Richtlinien für die Verwendung
- Schnittstelle starten: Lauf
python main.py
Starten Sie die Gradio-Schnittstelle. - Daten ladenHochladen von Röntgenbildern der Brust über die Schnittstelle.
- Auswahl der FunktionenWählen Sie die gewünschte Analysefunktion in der Benutzeroberfläche aus, z. B. visuelles Quiz, Bildsegmentierung usw.
- Ergebnisse anzeigenDie Ergebnisse der Analyse werden in der Benutzeroberfläche angezeigt, einschließlich eines detaillierten medizinischen Berichts und Bildkommentars.
Detaillierte Funktionsweise
- Visuelle Fragen und AntwortenNach dem Hochladen eines CXR-Bildes und der Eingabe einer relevanten medizinischen Frage verwendet das System CheXagent und LLaVA-Med, um die Antwort zu ermitteln und zurückzugeben.
- BildsegmentierungDurch Auswahl der Bildsegmentierungsfunktion identifiziert das System die anatomische Struktur des Bildes mit Hilfe von MedSAM- und PSPNet-Modellen und kommentiert die Ergebnisse auf dem Bild.

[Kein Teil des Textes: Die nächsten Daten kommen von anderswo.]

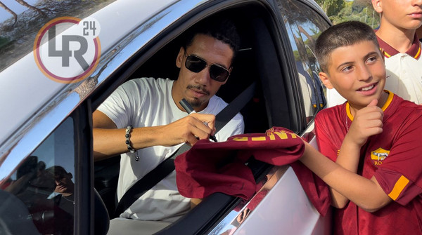 Silenzio (inevitabile) del giocatore mentre firmava autografi ai romanisti.
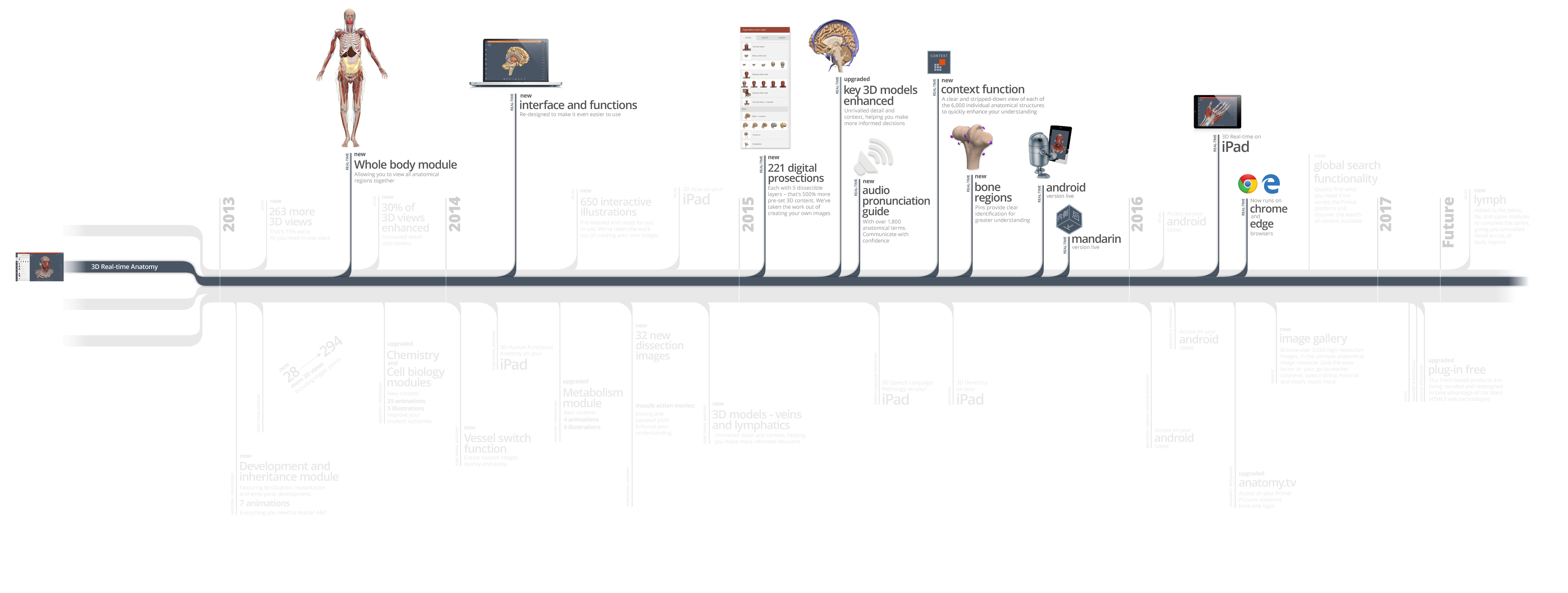 Primal Pictures is constantly evolving to deliver a best-in-class service based on your needs. Take a look at what has been done over the past two years to enhance faculty workflow, improve student outcomes and increase patient satisfaction levels…

- ausfindig machen.Mit Hilfe der Lokalisierungsfunktion wird das System über die Maira-2 bestimmte medizinische Befunde im Bild vermerken.
- Erstellung von BerichtenWenn Sie die Funktion Berichtserstellung wählen, erstellt das System mithilfe von SwinV2 Transformer einen detaillierten medizinischen Bericht mit Diagnoseergebnissen und Empfehlungen.
- Klassifizierung von KrankheitenNach dem Hochladen des CXR-Bildes und der Auswahl der Krankheitsklassifizierungsfunktion verwendet das System das DenseNet-121-Modell, um die pathologischen Kategorien im Bild zu erkennen und die Klassifizierungsergebnisse zurückzugeben.
- Erzeugung von RöntgenfilmenWenn Sie die Funktion zur Erzeugung von Röntgenfilmen auswählen, wird das System RoentGen verwenden, um synthetische CXR-Bilder für weitere Analysen und Untersuchungen zu erzeugen.